◆ **Action item**: Output each entry verbatim and exclude every picture from it.

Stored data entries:
════

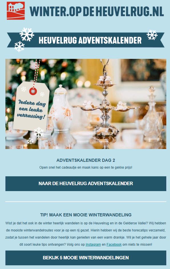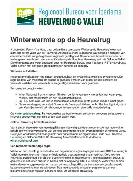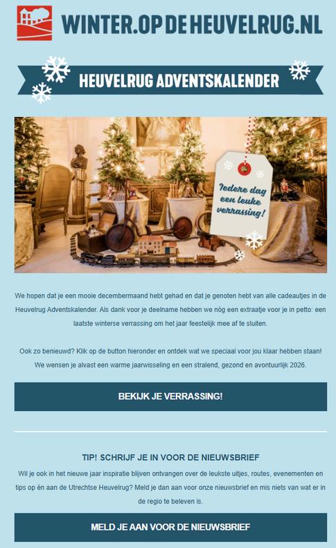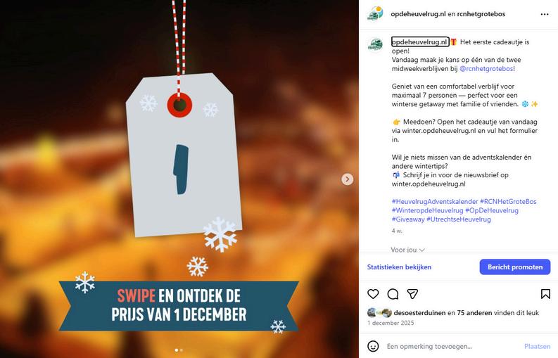 Bewoners en bezoekers van De Utrechtse Heuvelrug: stijlzoeker, harmoniezoeker en inzichtzoeker. Met de Wintercampagne verlengen we het seizoen en bundelen we alle winterse activiteiten en arrangementen op De Utrechtse Heuvelrug. De Heuvelrug Adventskalender is in 2018 gelanceerd en nu een jaarlijks terugkerend onderdeel van deze Wintercampagne. Met de Adventskalender geven we van 1 t/m 24 december de mooiste (lokale) prijzen weg, beschikbaar gesteld door partners. Deelname aan de Wintercampagne is gratis voor partners van RBT Heuvelrug & Vallei.
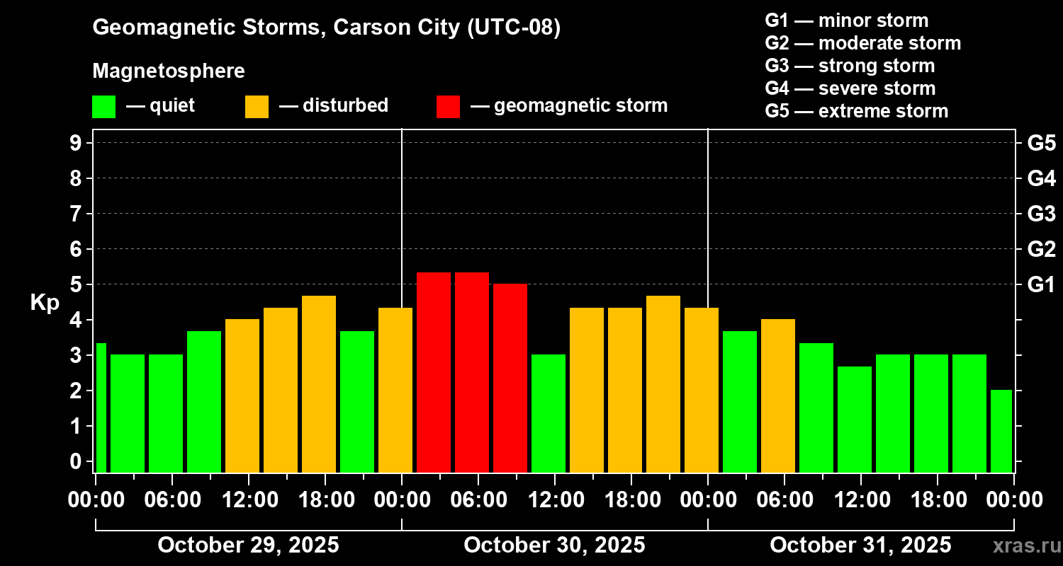 Geomagnetic storms in Carson City — Oct 31, 2025
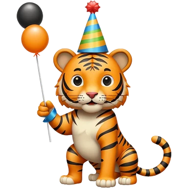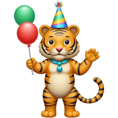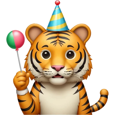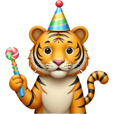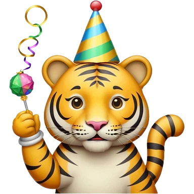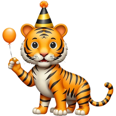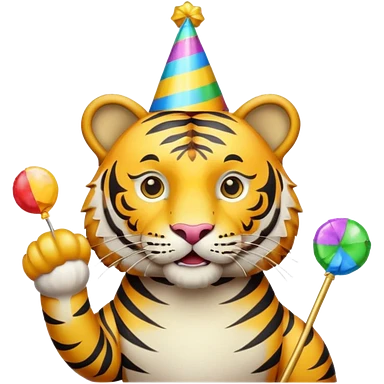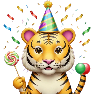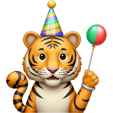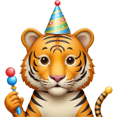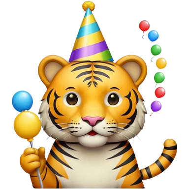 Party Tiger with a party hat and a party popper emoji
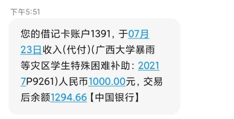 7月21日,广西大学学生工作处发出《关于开展暴雨等灾区学生家庭受灾情况排查和资助工作的通知》,开通绿色通道紧急资助河南省受灾家庭学生。
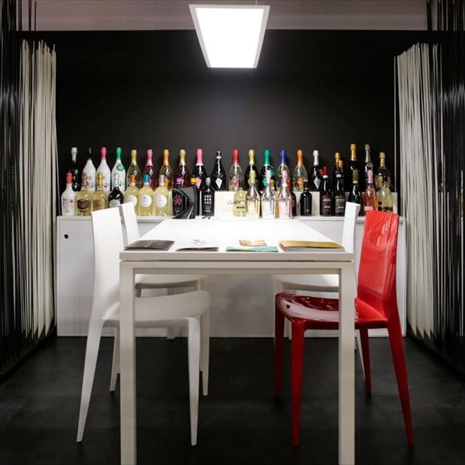 Metal table with laminated top by Doimo. Matériel partiallement endommagé, à voir dans notre outlet avant achat.
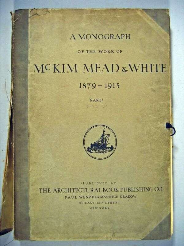McKim, Mead & White. A Monograph of the Work of... 1879-1915. New York, [1915-1918]. Folio, orig. bds (parts 1-3), later cloth (part 4); bdgs worn & defective, many parts wrappers preserved. With 365 (of 402) plates, lacking plates 78 & 92 in part 1; plates 108, 125, 127-129, 170, 179, 191, 197 & 198 in part 2; plates 203, 210, 212, 218, 225, 243, 250, 256, 258, 261, 272, 273, 286 & 287 in part 3; plates 312, 328, 332, 337, 341, 342, 359, 371, 385 & 391 in part 4. Plates occasionally dusty. Sold with all faults.
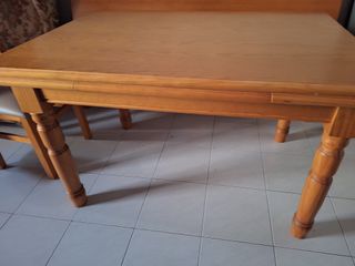 Mesa de comedor robusta y elegante, fabricada en madera de pino macizo. - Diseño clásico y atemporal. - Patas torneadas que aportan un toque de distinción. - Superficie amplia para disfrutar de comidas. - Acabado natural que resalta la veta de la madera. Escucho ofertas serias.

════

◆ **Answer to this problem**:
 Bewoners en bezoekers van De Utrechtse Heuvelrug: stijlzoeker, harmoniezoeker en inzichtzoeker. Met de Wintercampagne verlengen we het seizoen en bundelen we alle winterse activiteiten en arrangementen op De Utrechtse Heuvelrug. De Heuvelrug Adventskalender is in 2018 gelanceerd en nu een jaarlijks terugkerend onderdeel van deze Wintercampagne. Met de Adventskalender geven we van 1 t/m 24 december de mooiste (lokale) prijzen weg, beschikbaar gesteld door partners. Deelname aan de Wintercampagne is gratis voor partners van RBT Heuvelrug & Vallei.
 Geomagnetic storms in Carson City — Oct 31, 2025
 Party Tiger with a party hat and a party popper emoji
 7月21日,广西大学学生工作处发出《关于开展暴雨等灾区学生家庭受灾情况排查和资助工作的通知》,开通绿色通道紧急资助河南省受灾家庭学生。
 Metal table with laminated top by Doimo. Matériel partiallement endommagé, à voir dans notre outlet avant achat.
McKim, Mead & White. A Monograph of the Work of... 1879-1915. New York, [1915-1918]. Folio, orig. bds (parts 1-3), later cloth (part 4); bdgs worn & defective, many parts wrappers preserved. With 365 (of 402) plates, lacking plates 78 & 92 in part 1; plates 108, 125, 127-129, 170, 179, 191, 197 & 198 in part 2; plates 203, 210, 212, 218, 225, 243, 250, 256, 258, 261, 272, 273, 286 & 287 in part 3; plates 312, 328, 332, 337, 341, 342, 359, 371, 385 & 391 in part 4. Plates occasionally dusty. Sold with all faults.
 Mesa de comedor robusta y elegante, fabricada en madera de pino macizo. - Diseño clásico y atemporal. - Patas torneadas que aportan un toque de distinción. - Superficie amplia para disfrutar de comidas. - Acabado natural que resalta la veta de la madera. Escucho ofertas serias.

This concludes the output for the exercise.